Programatically Testing data

Karthik Ram the co-founder of the awesome rOpenSci and scientist at Berkeley shared some promising work they've been doing on the testdat R package. In short, it will let you programmatically test for and correct errors like outliers, text formatting problems and invalid values in datasets. It’s still in development but you can get an idea from Karthik’s slides.

The old and new approaches to science by Karthik Ram.

He ended with a useful reminder of the changing norms the “open science” movement is creating – where once the research paper was the principal output of a scientist, it's increasingly accepted that the code, the data and separate elements of the narrative of a scientific study will all be public and available for re-use.

Lessons learned: Spreadsheets are code and we can adopt some software engineering practices to make much better use of them. There are a number of powerful tools and approaches to data handing being pioneered by the scientific community (e.g. Hadley Wickham just announced the tidyr tool for data cleaning in R) and those of us working in other fields can adopt and emulate many of them.
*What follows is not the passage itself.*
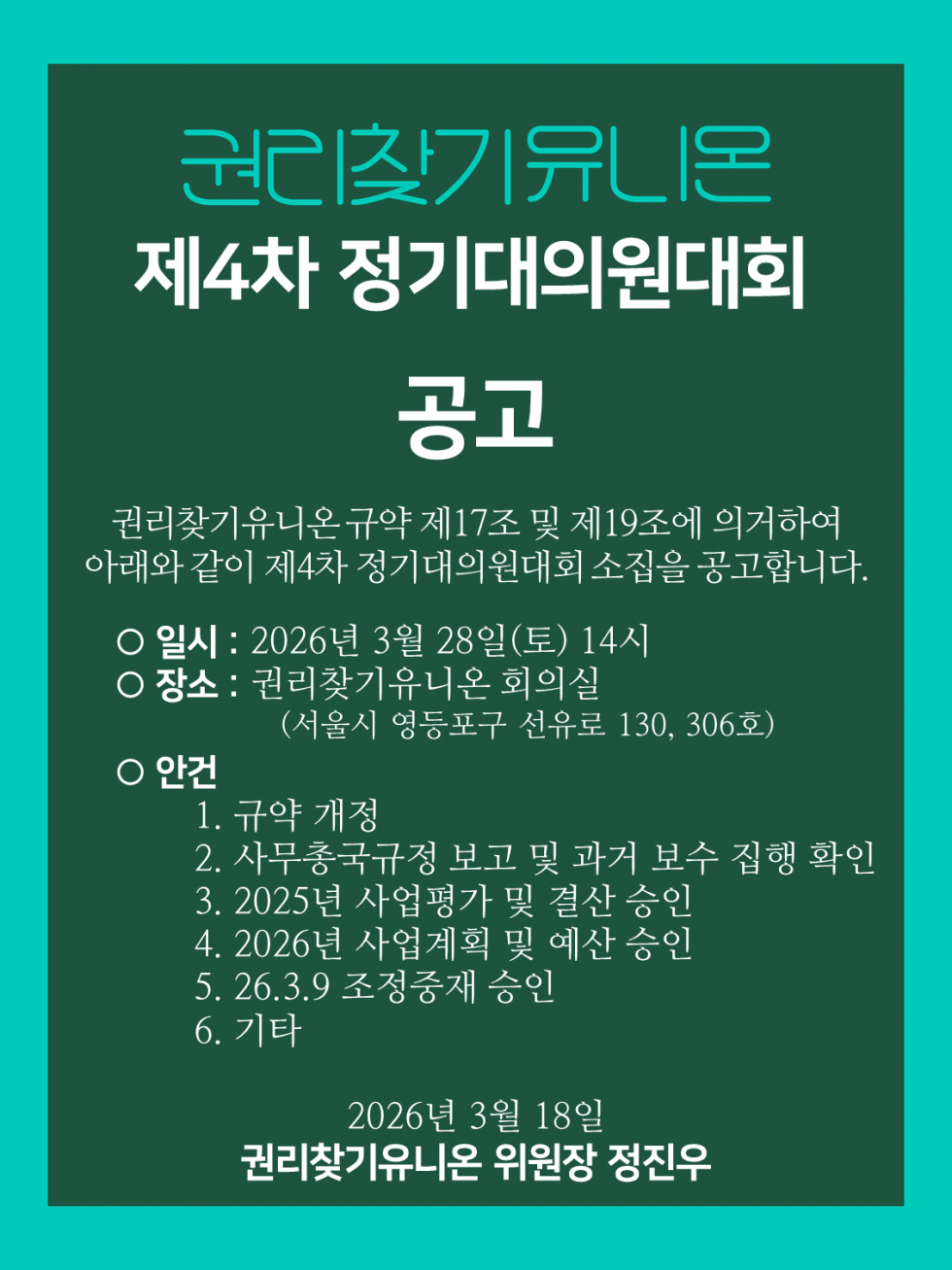 <권리찾기유니온 제4차 정기대의원대회 소집 공고문>

3) The future of civic tech (probably) lies in re-usable software components

I had a chat with the always thoughtful Tom Steinberg of mySociety just before the “Can Open Data Go Wrong?” session and Tom told me about one way he thinks open data can go right: Poplus

To use their own words, Poplus is an “open federation of people and organisations from many different countries.” with a “joint mission to share knowledge and technology that can help us to help citizens” The primary resource they've got at the moment are Poplus Components which you can think of as building blocks for more complex civic applications.

The current components are:

Represent Boundaries – a web API onto geographic areas like electoral districts

SayIt – a service to store and retrieve written transcripts of public statements

MapIt – a service that finds out which administrative area covers a specific point

WriteIt – a service to write and send messages to public persons

PopIt – a tool to keep lists of politicians and associated biographic information

BillIt – a flexible document storage tool

Why re-usable software components and not re-usable apps?
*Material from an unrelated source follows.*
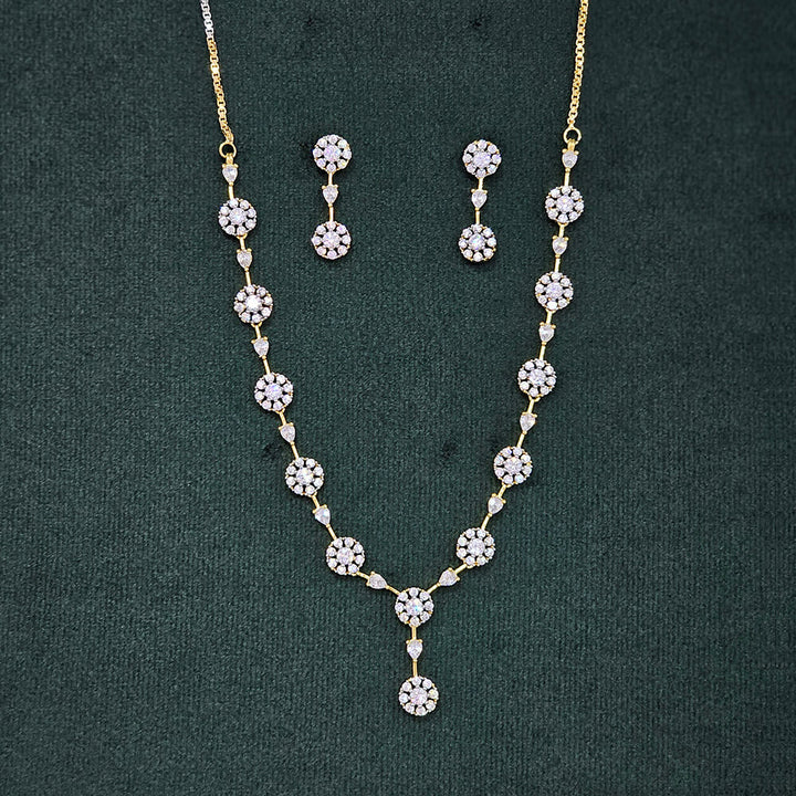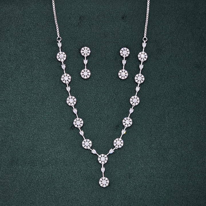437545 Cubic Zirconia Delicate Necklace Set With 2 Tone Rhodium Plating

So for example, could this app built to visualize secondary school performance in the United Kingdom be re-purposed to work in Tanzania or Burkina Faso? Maybe, but probably not. Why? Because the context is different enough, that the UK-based app, like many others, just doesn't quite translate to work in other countries, so it’s just easier to build a new app designed for the local context.
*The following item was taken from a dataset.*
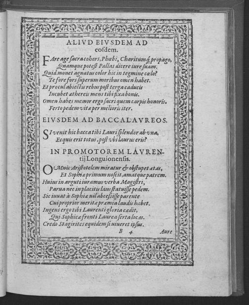 Epigrammata, quibus eruditae iuventuti in Catholica Trevirorum Academia partim prima partim suprema philosophiae laurea insignitae tertio idus Iulias anno 1594, logices in eadem universitate studiosi gratulantur

This is why Poplus components are great – they abstract out functional elements of civic applications and make them easy to combine and build a more complex service on top of. Nerdier readers will remember Robert Glass' “rule of three” which states it’s three times as difficult to build reusable components as single-use components. I think Poplus understands this this and the components are carefully curated and already being re-used and combined around the world.

Lessons learned: Open data fundamentally needs open source software. App reuse often doesn't happen because contexts are too different. Reusable software components can reduce the development overhead for creating locally customized civic software applications and a pool of high quality civic software components is a valuable public good worth contributing to.

Finally, a big thank you to the organizers of OKFest and csv,conf for hosting such great gatherings. Were you at #okfest14 or #csvconf – what did you learn?